New Glovebox Facility Heads to Space for Biological Research

The Japan Aerospace
Exploration Agency H-IIB
rocket is zooming toward the International
Space Station carrying NASA’s Life
Sciences Glovebox, a state-of-the-art microgravity research
facility.

image

JAXA’s HTV3, taken during Expedition 32

NASA’s Marshall Space
Flight Center in Huntsville, Alabama, and their partners around the
world are excited to initiate new, high-value biological research in low-Earth
orbit.

The Japanese rocket, hauling the
research facility and other cargo via the HTV-7 transfer vehicle, successfully
lifted off at

1:52 p.m. EDT

from Tanegashima Space Center off the coast of
Japan.

image

Its launch marks a first for hauling
bulky equipment to space.
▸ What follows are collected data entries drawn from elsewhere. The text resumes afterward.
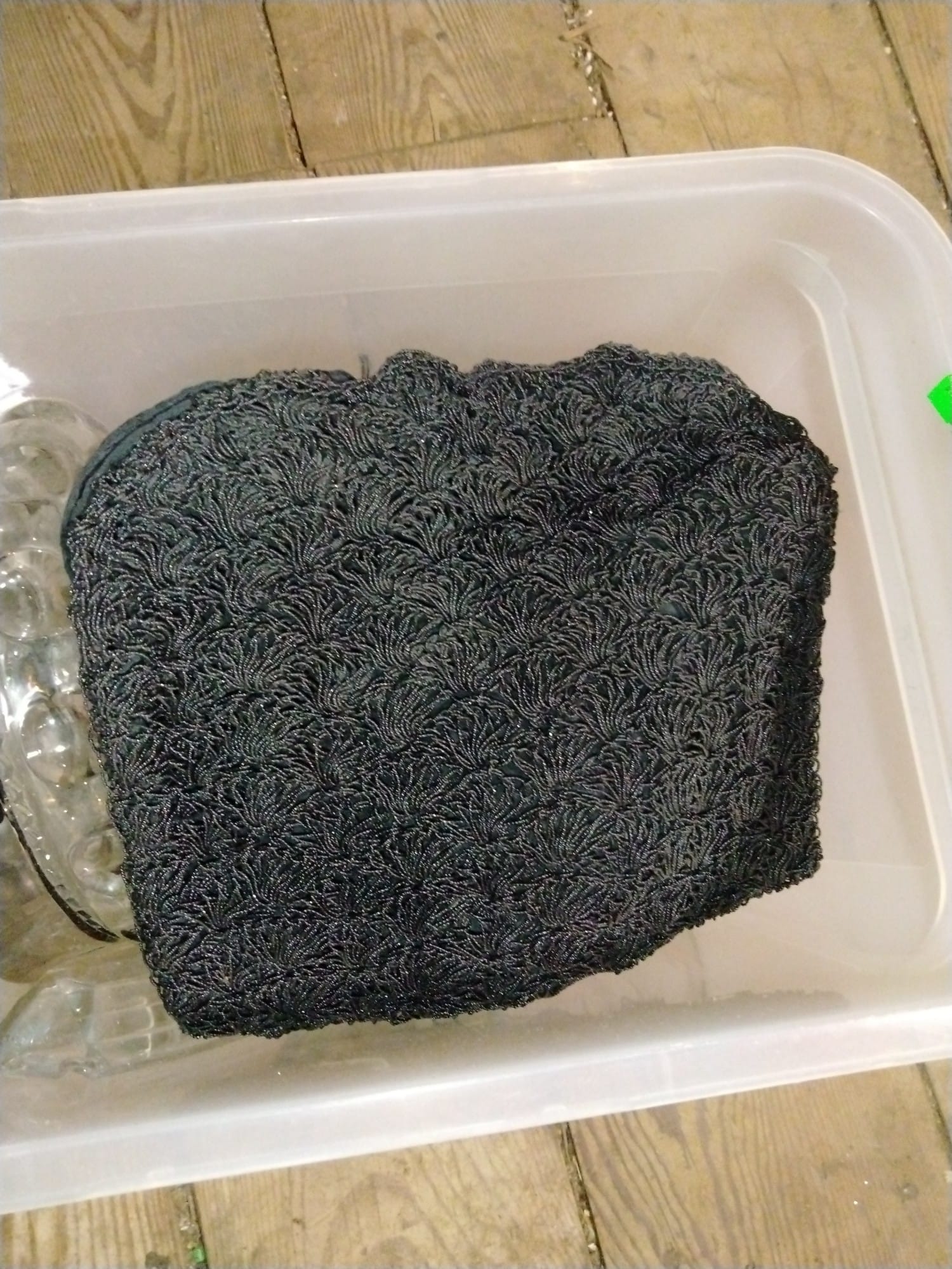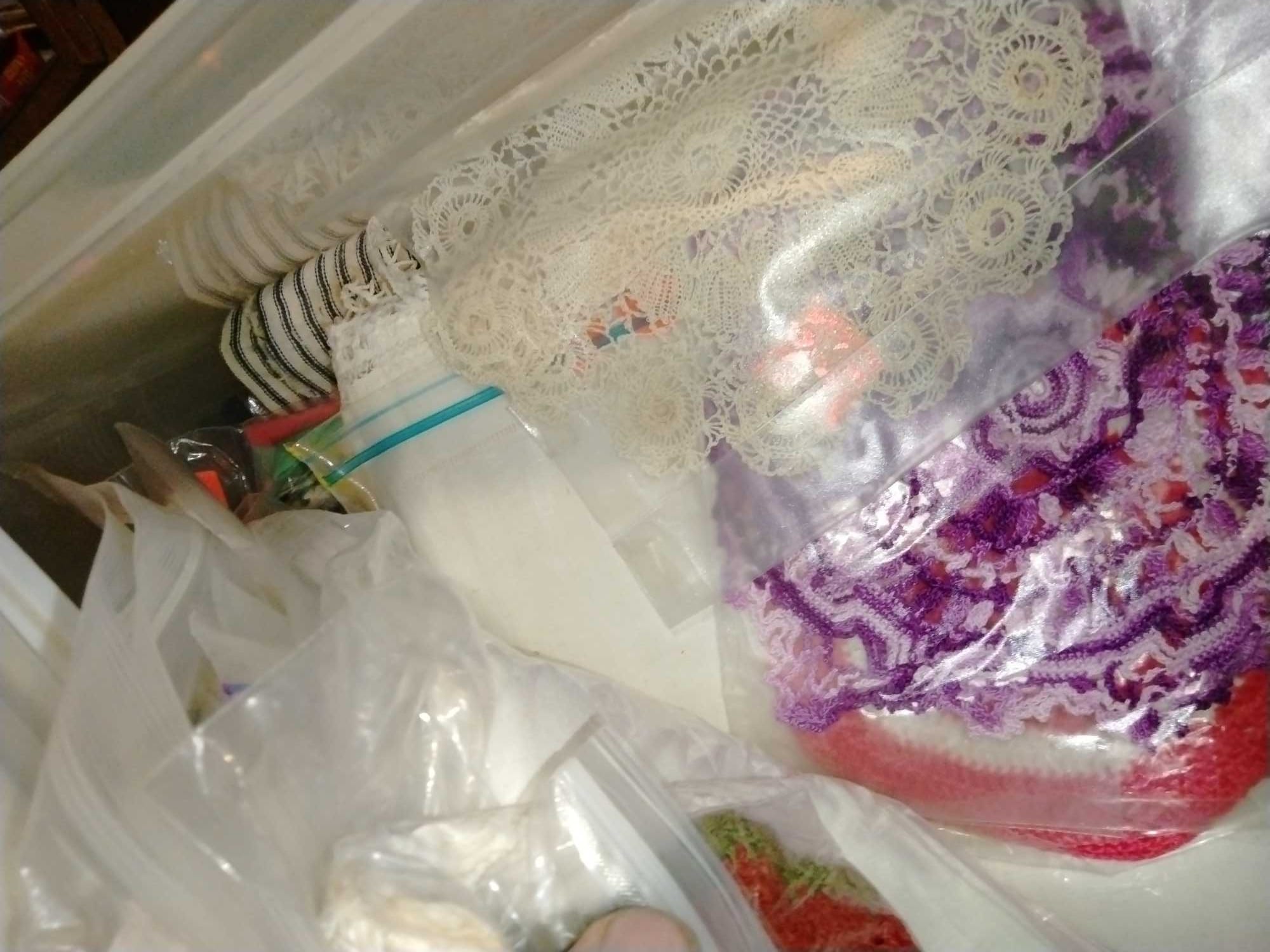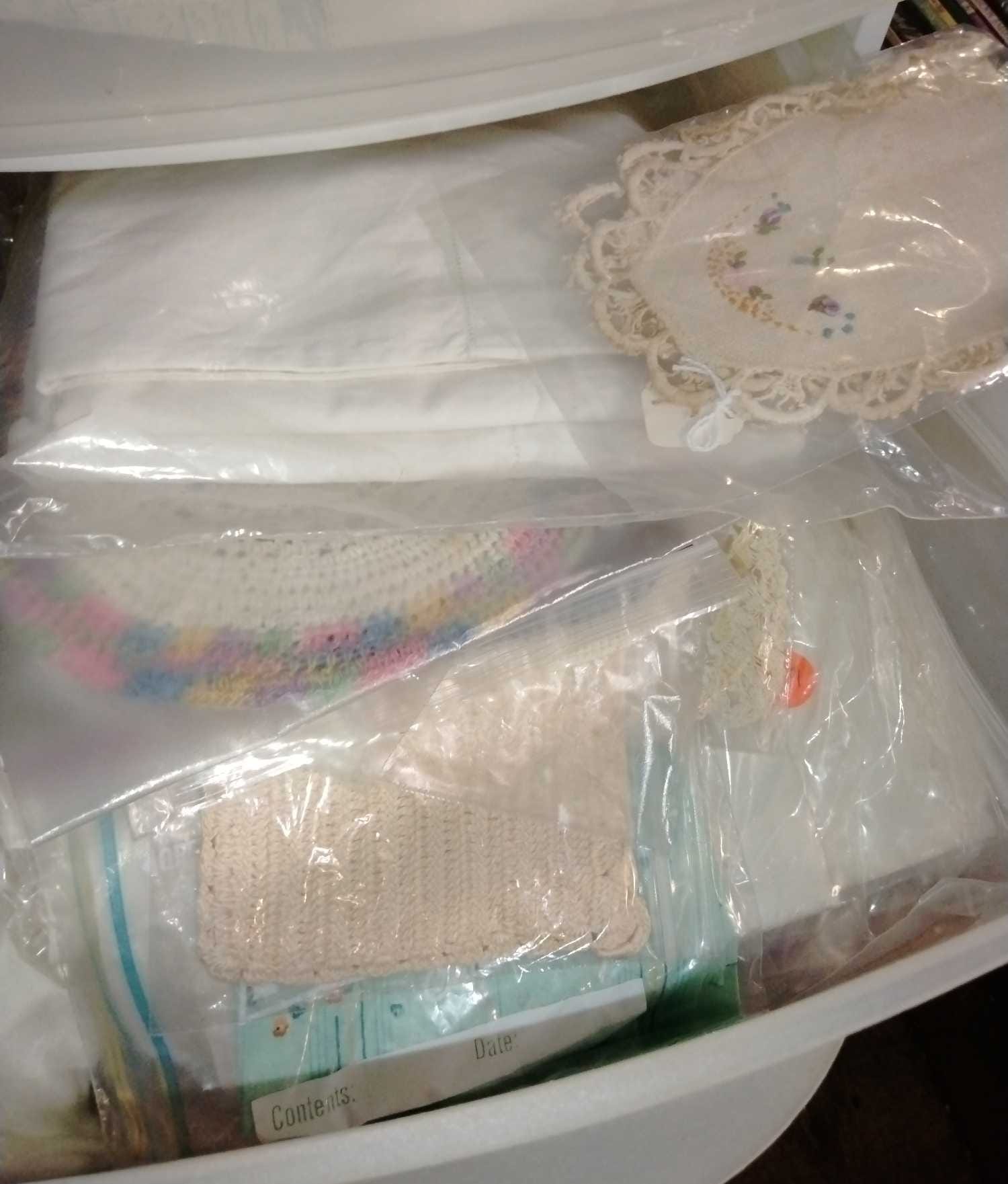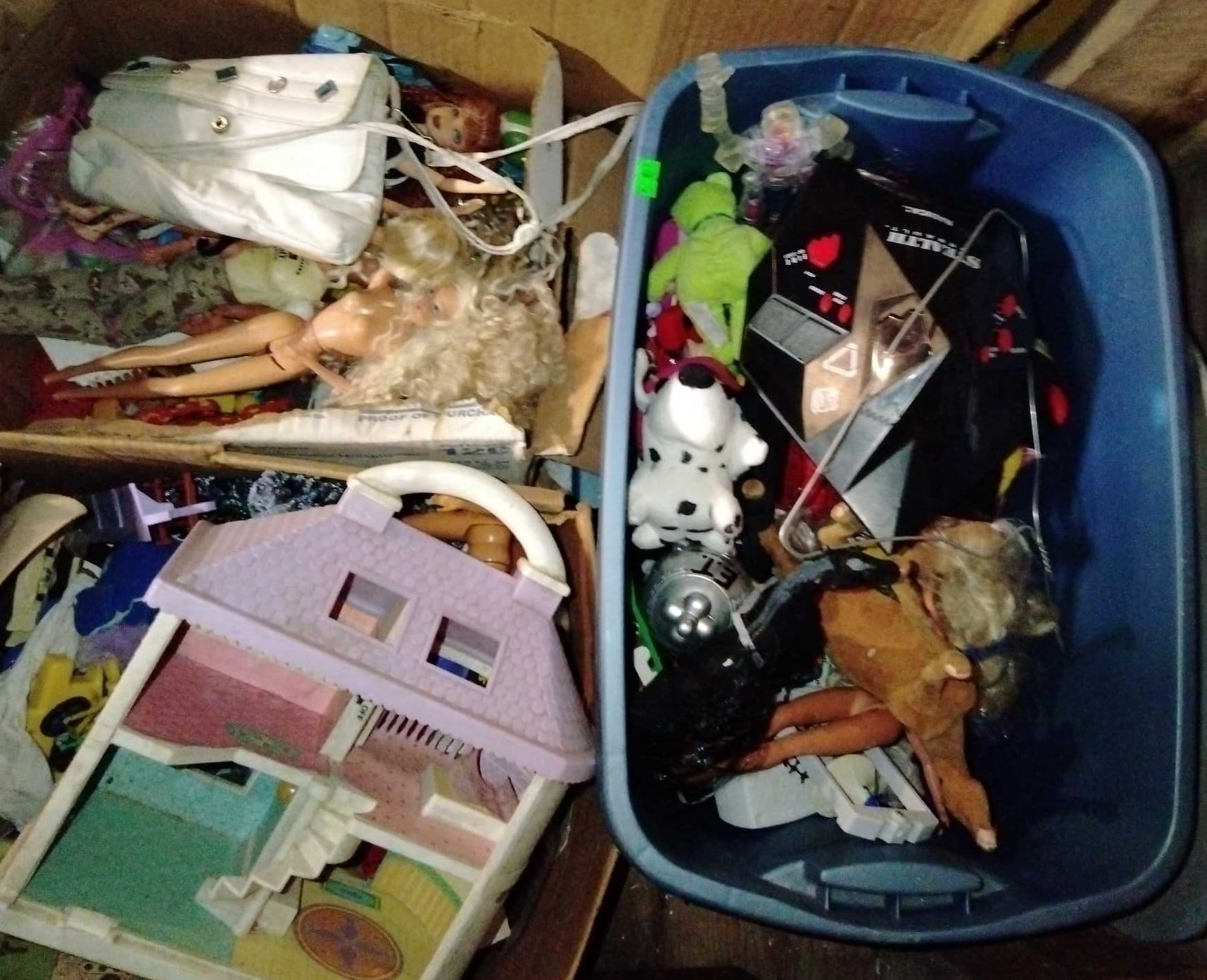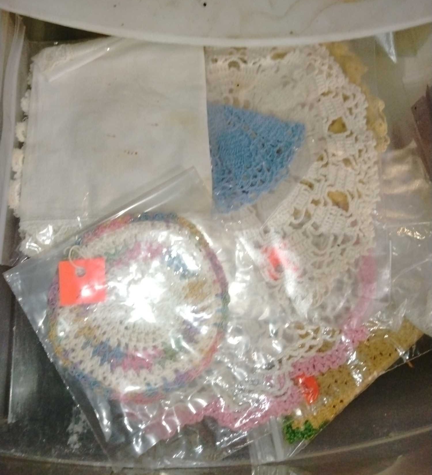 262 Divided box with Christmas ornaments, doll, glass sugar bowl, bobbins and Tin and hat box with craft items
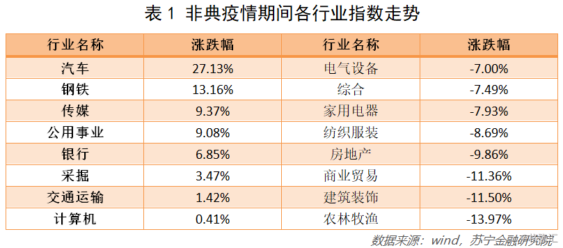 回顾2003年非典疫情期间各行业指数走势(见表1),涨幅居前的行业为汽车、钢铁、传媒、公用事业等,跌幅居前的行业为农林牧渔、建筑装饰、商业贸易、房地产等,结构性的投资机会明显。纵观涨幅靠前的行业,能看到2003年中国主要依靠投资拉动经济增长的影子。
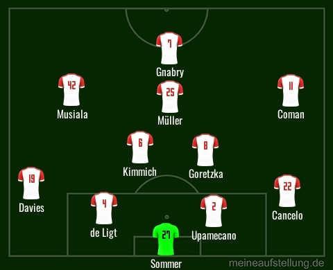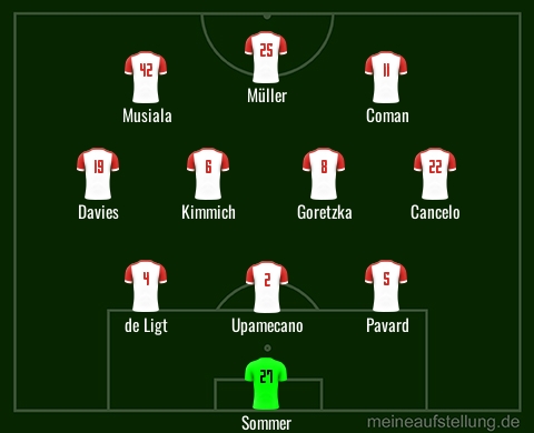 Im Grunde gibt es nur zwei Fragezeichen: Wer ersetzt Choupo im Sturmzentrum (Mané oder Müller) und bleibt Coman das Pendant zu Davies (wodurch Sané gute Chancen auf einen Einsatz hätte) oder rückt er eine Position vor und Cancelo wird für seinen starken Auftritt gegen Augsburg mit der Startelf belohnt.
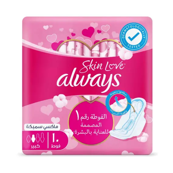 أولويز فوط صحية قطنية ماكسي سميكة كبير زهري ١٠ فوطة
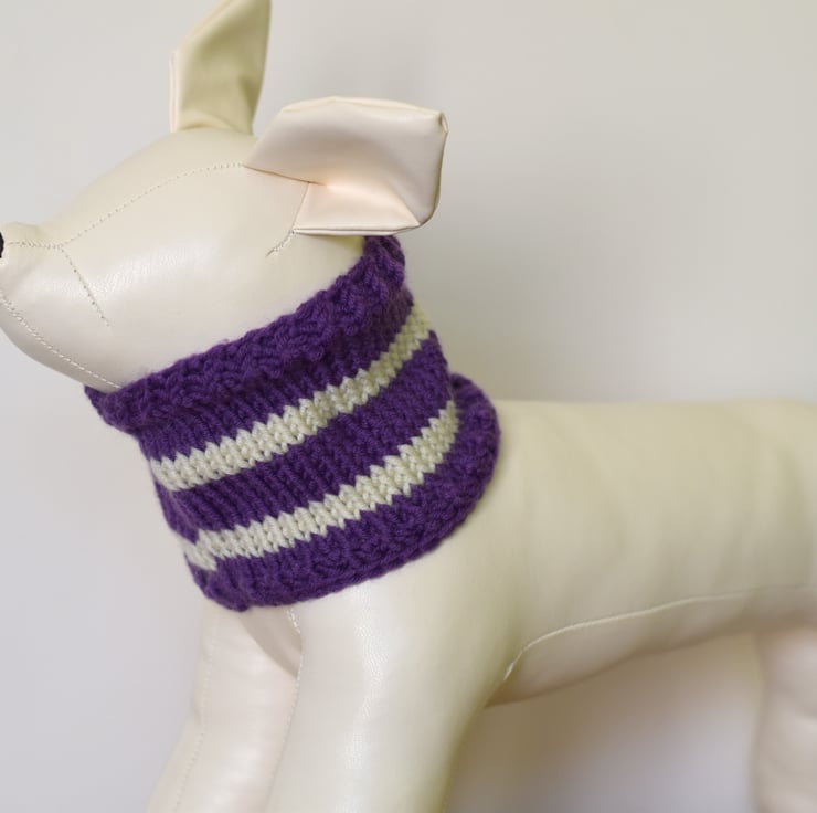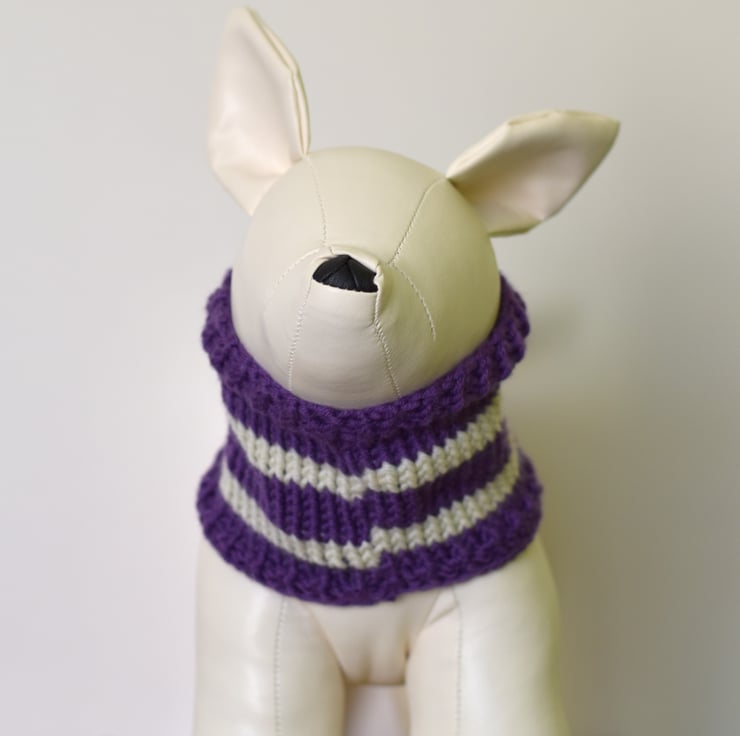 Hand Knitted Merino Wool Dog Snood - Striped neck Warmer for Dogs
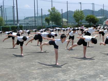 5・6年生が組体操の練習をしていました。真剣に取り組んでいました。
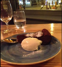 For mains we had goats cheese melted over quinoa grains with porcini mushrooms, and a veggie burger on a gluten free bun with thin chips, not quite skinny enough to be called French fries, with pots of mayo and tomato ketchup.
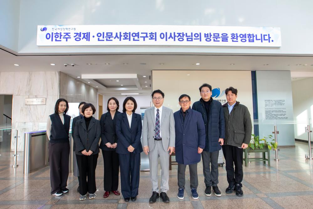 업무 보고가 끝나고 이한주 경제·인문사회연구회 이사장과 김종숙 원장을 비롯한 주요 참석자들이 기념촬영을 하고 있다.

Roughly the size of a large fish
tank, the Life Sciences Glovebox comes
in at 26 inches high, 35 inches wide and 24 inches deep, with 15 cubic feet of
available workspace.

image

“The Life Sciences Glovebox
is on its way to the space station to enable a host of biological and
physiological studies, including new research into microgravity’s
long-term impact on the human body,” said Yancy Young, project manager at Marshall. “This
versatile facility not only will help us better protect human explorers on long
voyages into deep space, but it could aid medical and scientific advances
benefiting the whole world.”

image

Boeing engineers at Marshall modified a
refrigerator-freezer rack to house the core facility, using state-of-the-art,
3D-printing technology to custom design key pieces of the rack to secure the
unit in its protective foam clamshell.

image

NASA is now determining the roster of science
investigations lined up to make use of the facility, beginning as early as late
2018. “We’ve already got more than a dozen glovebox experiments scheduled
in 2019, with many more to follow,” said Chris Butler, payload integration manager for the glovebox at
Marshall.

The Life Sciences Glovebox will
be transferred to a zero-gravity stowage rack in the station’s Kibo
module, where up to two crew members can conduct experiments simultaneously,
overseen in real-time by project researchers on Earth.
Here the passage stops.